What the task requires:
All lines of the records below that contain the word "their" must be listed.

Input data:
*-*-*

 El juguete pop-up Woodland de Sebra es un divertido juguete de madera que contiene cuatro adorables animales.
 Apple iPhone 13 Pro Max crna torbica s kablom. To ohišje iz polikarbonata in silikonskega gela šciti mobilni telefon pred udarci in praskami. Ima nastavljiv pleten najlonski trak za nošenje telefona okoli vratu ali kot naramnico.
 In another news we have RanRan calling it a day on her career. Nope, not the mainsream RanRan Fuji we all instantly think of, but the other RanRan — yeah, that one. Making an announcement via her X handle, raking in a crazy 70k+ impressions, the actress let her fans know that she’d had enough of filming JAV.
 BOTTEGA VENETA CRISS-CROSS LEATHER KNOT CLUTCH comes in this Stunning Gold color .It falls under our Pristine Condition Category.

*-*-*

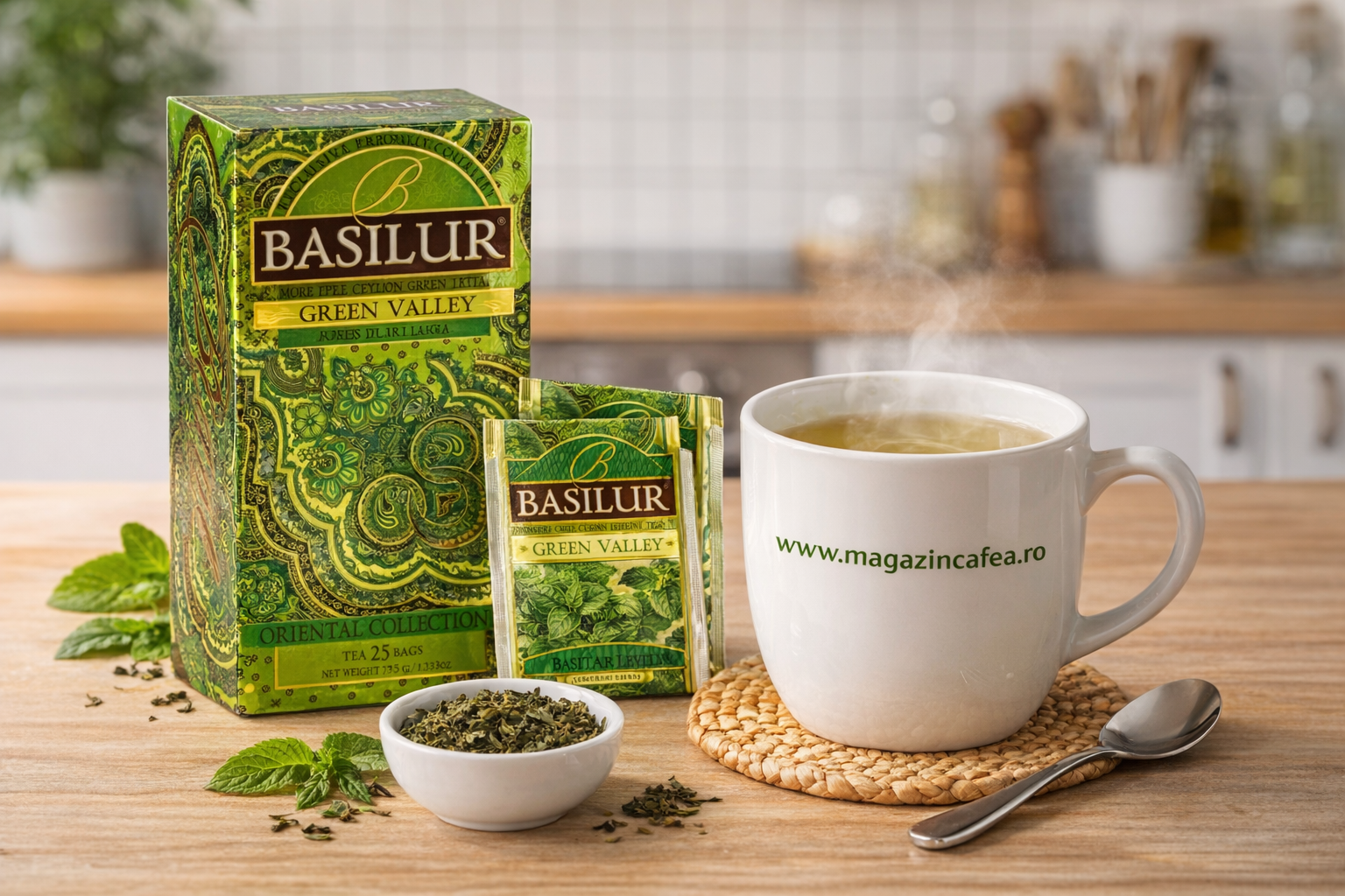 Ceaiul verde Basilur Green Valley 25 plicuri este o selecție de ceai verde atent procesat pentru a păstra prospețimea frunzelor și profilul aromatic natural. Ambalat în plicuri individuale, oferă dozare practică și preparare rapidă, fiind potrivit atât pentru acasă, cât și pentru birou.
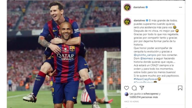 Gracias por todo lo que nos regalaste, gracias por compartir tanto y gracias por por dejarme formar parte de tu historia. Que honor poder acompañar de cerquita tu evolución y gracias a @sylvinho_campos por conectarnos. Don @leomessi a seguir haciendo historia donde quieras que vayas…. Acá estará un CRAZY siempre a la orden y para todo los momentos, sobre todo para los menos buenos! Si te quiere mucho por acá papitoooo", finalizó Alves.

*-*-*

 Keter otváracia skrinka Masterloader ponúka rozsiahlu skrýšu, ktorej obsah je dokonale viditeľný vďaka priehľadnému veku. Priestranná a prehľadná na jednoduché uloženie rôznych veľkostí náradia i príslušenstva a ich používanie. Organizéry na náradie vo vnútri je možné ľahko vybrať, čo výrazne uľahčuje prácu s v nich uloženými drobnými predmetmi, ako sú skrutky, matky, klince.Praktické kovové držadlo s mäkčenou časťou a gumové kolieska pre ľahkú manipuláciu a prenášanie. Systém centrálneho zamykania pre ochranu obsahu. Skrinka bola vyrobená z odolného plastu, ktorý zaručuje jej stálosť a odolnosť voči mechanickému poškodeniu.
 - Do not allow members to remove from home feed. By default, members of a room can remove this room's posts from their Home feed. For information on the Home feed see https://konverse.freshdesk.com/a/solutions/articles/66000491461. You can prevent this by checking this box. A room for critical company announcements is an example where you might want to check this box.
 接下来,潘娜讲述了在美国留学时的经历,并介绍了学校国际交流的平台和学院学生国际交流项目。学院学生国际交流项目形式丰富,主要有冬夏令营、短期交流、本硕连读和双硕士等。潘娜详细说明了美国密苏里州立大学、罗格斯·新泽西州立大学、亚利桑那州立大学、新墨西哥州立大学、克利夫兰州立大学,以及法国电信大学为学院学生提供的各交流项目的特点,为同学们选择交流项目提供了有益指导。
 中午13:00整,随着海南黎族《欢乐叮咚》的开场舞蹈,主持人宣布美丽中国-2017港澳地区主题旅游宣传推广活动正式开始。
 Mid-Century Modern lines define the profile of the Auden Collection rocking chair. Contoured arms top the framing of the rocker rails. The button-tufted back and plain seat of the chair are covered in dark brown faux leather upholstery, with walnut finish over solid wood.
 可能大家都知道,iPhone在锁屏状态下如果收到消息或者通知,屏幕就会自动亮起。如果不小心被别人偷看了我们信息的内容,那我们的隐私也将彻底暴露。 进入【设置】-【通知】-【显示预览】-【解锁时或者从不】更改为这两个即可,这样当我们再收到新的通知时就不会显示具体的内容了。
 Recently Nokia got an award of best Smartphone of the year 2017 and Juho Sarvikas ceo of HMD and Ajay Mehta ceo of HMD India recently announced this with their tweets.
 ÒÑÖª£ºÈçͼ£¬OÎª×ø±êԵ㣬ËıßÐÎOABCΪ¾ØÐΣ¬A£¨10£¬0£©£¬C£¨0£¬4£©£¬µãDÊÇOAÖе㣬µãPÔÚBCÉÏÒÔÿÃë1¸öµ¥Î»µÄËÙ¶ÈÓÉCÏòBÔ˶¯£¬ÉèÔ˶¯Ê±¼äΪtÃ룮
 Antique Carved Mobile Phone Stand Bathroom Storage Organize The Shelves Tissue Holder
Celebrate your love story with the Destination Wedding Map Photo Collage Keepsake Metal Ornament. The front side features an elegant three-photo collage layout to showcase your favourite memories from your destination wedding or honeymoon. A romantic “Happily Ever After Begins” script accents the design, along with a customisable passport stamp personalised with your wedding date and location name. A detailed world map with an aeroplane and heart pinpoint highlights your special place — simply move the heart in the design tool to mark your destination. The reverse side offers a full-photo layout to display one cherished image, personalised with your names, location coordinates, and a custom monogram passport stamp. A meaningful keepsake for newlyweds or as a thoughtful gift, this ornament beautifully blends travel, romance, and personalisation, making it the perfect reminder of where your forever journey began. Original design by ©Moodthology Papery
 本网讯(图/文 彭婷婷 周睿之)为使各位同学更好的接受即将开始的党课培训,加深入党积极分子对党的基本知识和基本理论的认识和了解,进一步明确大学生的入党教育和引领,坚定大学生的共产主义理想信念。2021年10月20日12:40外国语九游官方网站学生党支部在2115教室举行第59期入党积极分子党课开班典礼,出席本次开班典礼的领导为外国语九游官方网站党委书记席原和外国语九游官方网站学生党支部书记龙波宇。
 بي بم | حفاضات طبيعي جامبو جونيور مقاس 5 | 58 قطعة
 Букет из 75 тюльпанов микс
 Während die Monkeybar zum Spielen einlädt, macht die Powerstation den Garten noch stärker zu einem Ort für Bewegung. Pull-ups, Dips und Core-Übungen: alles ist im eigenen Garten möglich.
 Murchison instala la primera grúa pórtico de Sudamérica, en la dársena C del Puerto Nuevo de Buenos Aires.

*-*-*

Task solution:
 - Do not allow members to remove from home feed. By default, members of a room can remove this room's posts from their Home feed. For information on the Home feed see https://konverse.freshdesk.com/a/solutions/articles/66000491461. You can prevent this by checking this box. A room for critical company announcements is an example where you might want to check this box.
 Recently Nokia got an award of best Smartphone of the year 2017 and Juho Sarvikas ceo of HMD and Ajay Mehta ceo of HMD India recently announced this with their tweets.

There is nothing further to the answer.